Vanilla Cardamom Walnut Muffins
Soft & fluffy vanilla cardamom walnut muffins! They’re simple to make, filled with whole grains and naturally sweetened. Warm, cozy & healthy, they’re fantastic enjoyed with a cup of hot coffee or tea. Dairy free.
When you bite into a soft & fluffy muffin and it feels like a big giant cozy hug?
Yup, that’s exactly what we have here today with these vanilla cardamom walnut muffins.
Because gosh darn it cardamom is just so so cozy! Which means that it is most excellent for winter weather baking!
They’re made with my go-to whole grain base that is packed with better-for-you ingredients, like white whole wheat flour, oat bran and plenty of raw walnuts.

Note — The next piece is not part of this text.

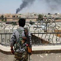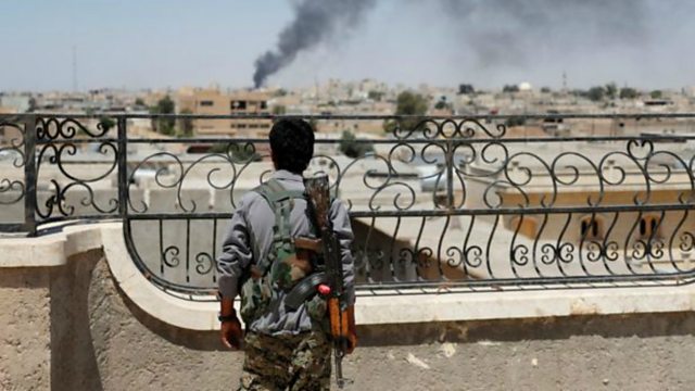 (Photo: A Kurdish fighter looks across Raqqa after a coalition air strike; Credit: Reuters).

They’re naturally sweetened with honey and maple syrup, and are light, fluffy and oh-so-moist. And of course filled with plenty of sweet vanilla and spicy warm cardamom.
These muffins were inspired by a vanilla cardamom donut that I tried at a local bakery. Except here’s the thing – I kinda sorta don’t really like donuts. I know, I know. But they’re just not my thing.
However … quick and easy 30 minute muffins? Absolutely my thing. And hopefully yours too.
Tips & Tricks For These Vanilla Cardamom Walnut Muffins
- Yes, there are a lot of raw walnuts packed into these muffins (2 cups to be exact!). But it is SO good this way. Plenty of crunch in each bite. You could probably cut back the amount to 1 cup if you really wanted to, but please don’t. You’ll miss out on so much goodness!
- Let’s talk about the cardamom. As written, the flavor is definitely there but not in an overwhelming sort of way. However, if you want it even more in the background, you could certainly decrease the amount. Please note that I would NOT suggest adding extra cardamom, as it is a strong spice and can quickly overpower.
- Be sure to scoop your flours into the measuring cup with a spoon and then level off. Don’t dunk the cup directly into the bag as you’ll likely use too much.
How To Store
Counter: After the muffins have cooled completely, place a layer of paper towels in the bottom of a container. Layer in the muffins, then cover and keep at room temp for about two to three days.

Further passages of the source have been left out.